王德茂还坐在第一辆马车的车辕上。

    周延的马已经到了跟前。

    他勒住缰绳,黑马打了个响鼻,前蹄在地上刨了两下。

    周延坐在马上,目光扫过那几辆马车。

    “顺天府的?”

    王德茂跳下车辕,整了整衣裳,往前走了几步。

    王德茂拱手行礼:“回周大人,下官顺天府衙役王德茂。

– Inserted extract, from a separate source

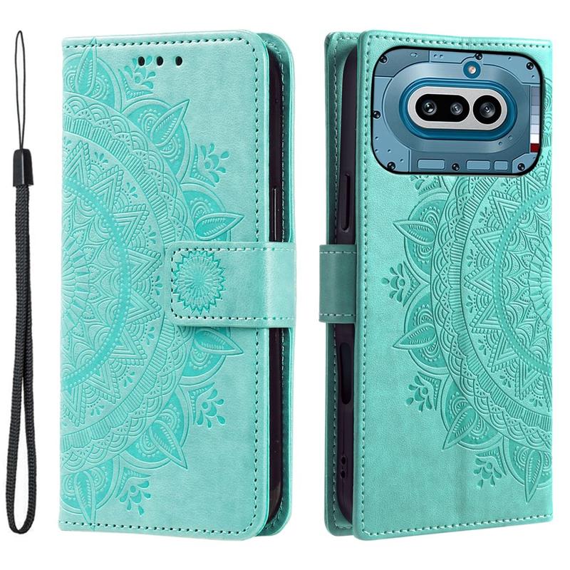 Funda tipo cartera Mandala con correa para la muñeca para Nothing Phone (4a) - Verde menta

江大人命下官将太禅寺解救出来的孩子先行送回京城。”

    周延的目光在那几辆马车上停了一瞬。

    前四辆马车破破烂烂,车厢帘子灰扑扑的,车辕上坐着赶车的都是身着青色官服的衙役,马车里头还有小孩子童言童语的吵闹声。

    第五辆马车和车夫整体上是格格不入的。

    “六皇子和周怀瑾可在车上?”

    “都在后头那辆车上。”

    周延点点头,没再多问。

    “寺里什么情况?”

    “喇嘛死了两个,其余的全都拿下了。从寺里搜出金银财宝若干,账本若干。另有被囚的妇人五名,孩子十七名,其中四名已经遇害。江大人正在寺中善后,命下官先将活着的孩子和妇人送回京城。”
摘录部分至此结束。